Hepatic cavernous hemangioma: a potential pitfall during evaluation of gastrointestinal bleeding with 99mTc-labeled erythrocytes.

作者信息

Lecklitner M L

出版信息

Eur J Nucl Med. 1985;10(3-4):178-80. doi: 10.1007/BF00252733.

Abstract

The purpose of this report is to underscore one previously unreported hepatic parenchymal lesion detected during evaluation of occult lower gastrointestinal hemorrhage. In more than 90% of the patients harboring the lesion, the individual remains asymptomatic, requires no intervention, and closed biopsy is contraindicated: hepatic cavernous hemangioma.
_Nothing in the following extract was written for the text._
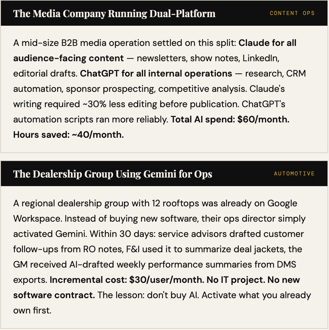 Let's get one thing out of the way: the AI platform conversation has gotten exhausting. Every founder you meet is either "all in on ChatGPT" or on some Claude evangelist kick, and meanwhile your ops person is secretly using Gemini because it's built into their Google Docs.

Whereas the list is expanding of normal and abnormal structures which can interfere with the interpretation of scintigraphic gastrointestinal bleeding studies accomplished with 99mTc-labeled erythrocytes, it is absolutely necessary to demonstrate intestinal transit of the activity, in order to discount detected activity in either nonhemorrhagic lesions or normal structures as the nidus of suspected bleeding.

摘要

本报告的目的是强调在隐匿性下消化道出血评估过程中检测到的一种此前未报告的肝实质病变。在超过90%患有该病变的患者中,个体无症状,无需干预,且禁忌进行闭合活检:即肝海绵状血管瘤。虽然会干扰用99mTc标记红细胞进行的闪烁扫描胃肠道出血研究解释的正常和异常结构的清单在不断增加,但绝对有必要证明活性物质的肠道转运情况,以便将在非出血性病变或正常结构中检测到的活性排除在疑似出血病灶之外。